_ASSIGNED TASK_
Print the lines below from the line with "倉吉蒸溜所(所在地:鳥取県倉吉市)は、2021年7月8日に2021年度 International Spirits" to the line with "The main sitting" exactly, keeping both ends, and print no pictures.

_PROVIDED ENTRIES_
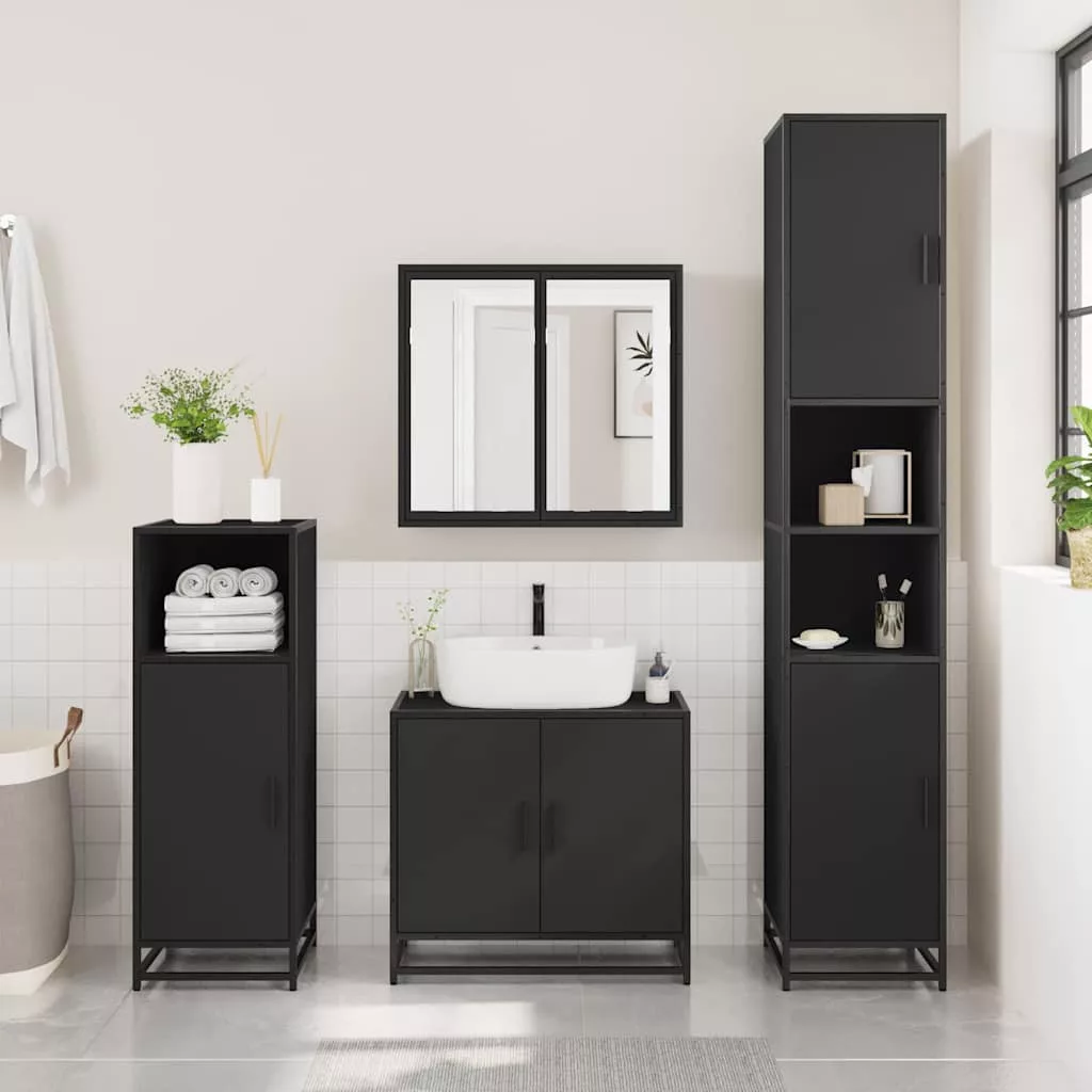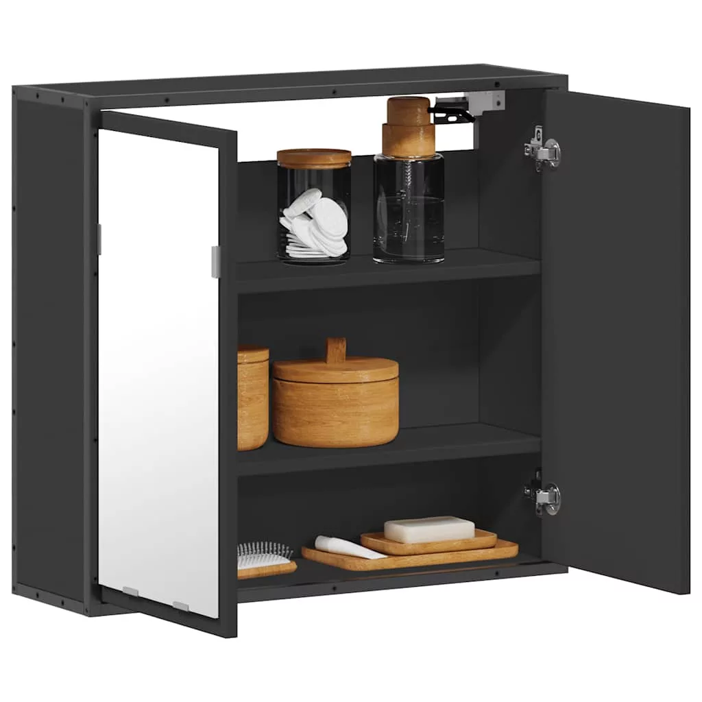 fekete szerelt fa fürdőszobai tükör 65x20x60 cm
---
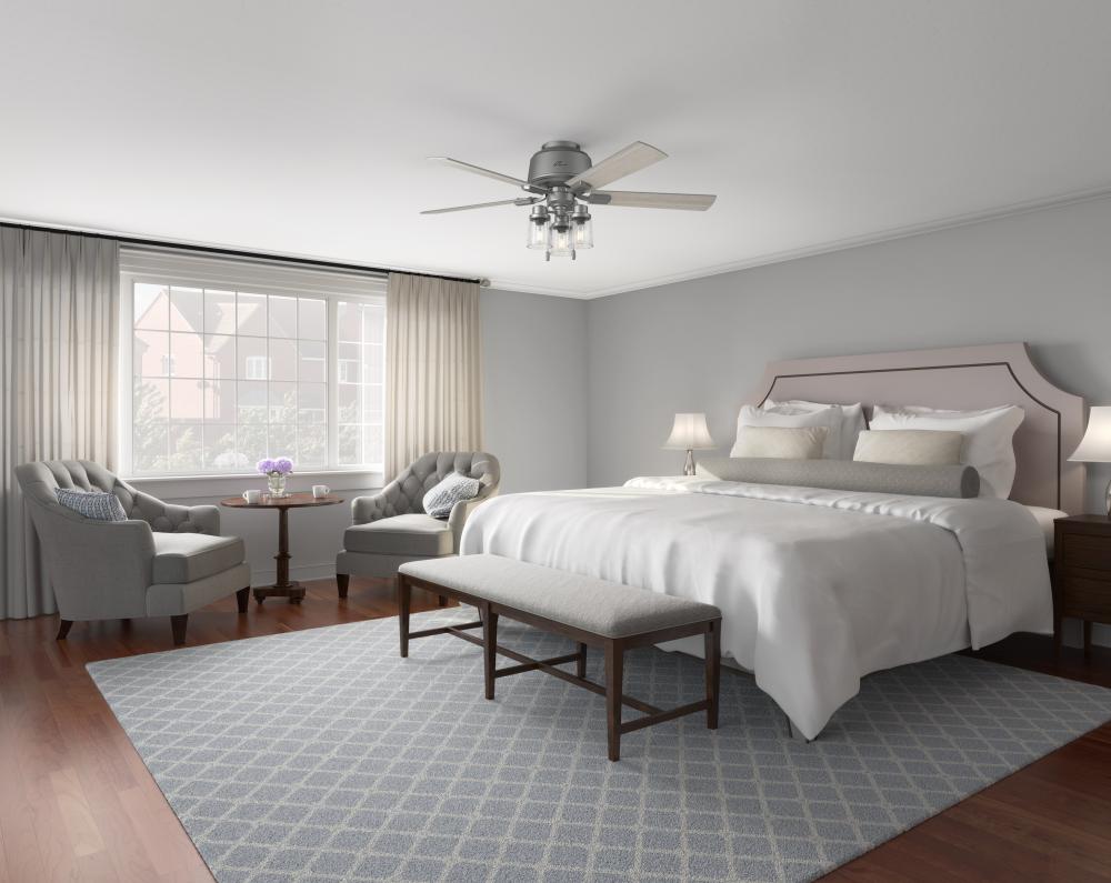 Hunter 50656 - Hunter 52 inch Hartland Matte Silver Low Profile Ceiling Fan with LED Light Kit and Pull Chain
* * *
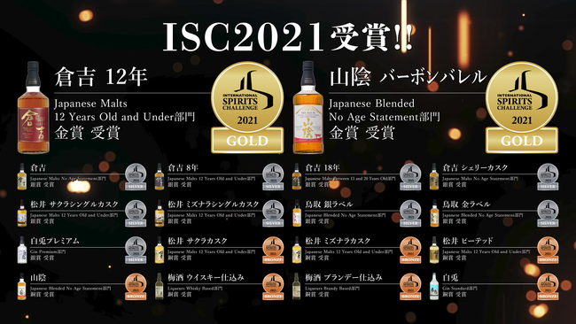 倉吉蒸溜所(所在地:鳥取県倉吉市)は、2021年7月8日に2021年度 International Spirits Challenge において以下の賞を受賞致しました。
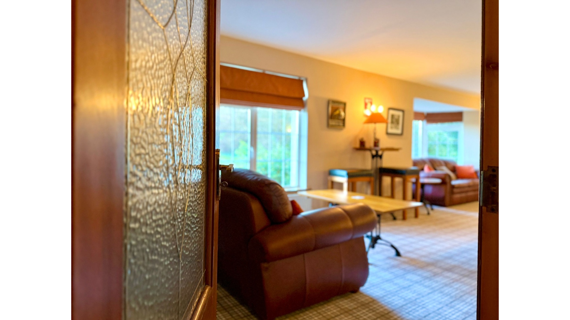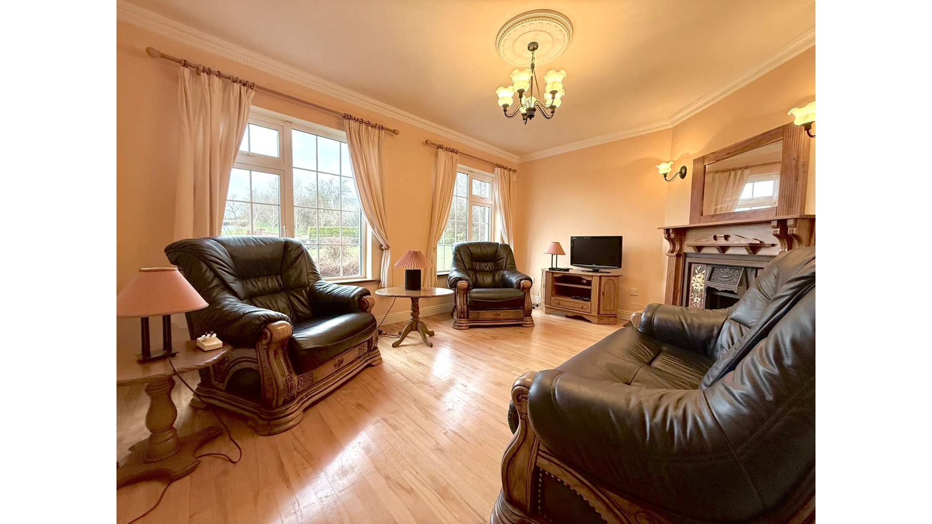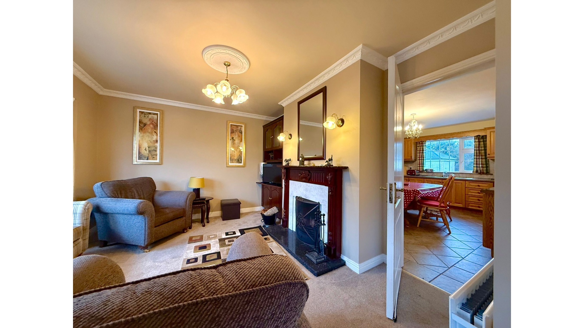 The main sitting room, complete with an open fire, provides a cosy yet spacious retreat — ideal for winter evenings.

_TASK ANSWER_
 倉吉蒸溜所(所在地:鳥取県倉吉市)は、2021年7月8日に2021年度 International Spirits Challenge において以下の賞を受賞致しました。
 The main sitting room, complete with an open fire, provides a cosy yet spacious retreat — ideal for winter evenings.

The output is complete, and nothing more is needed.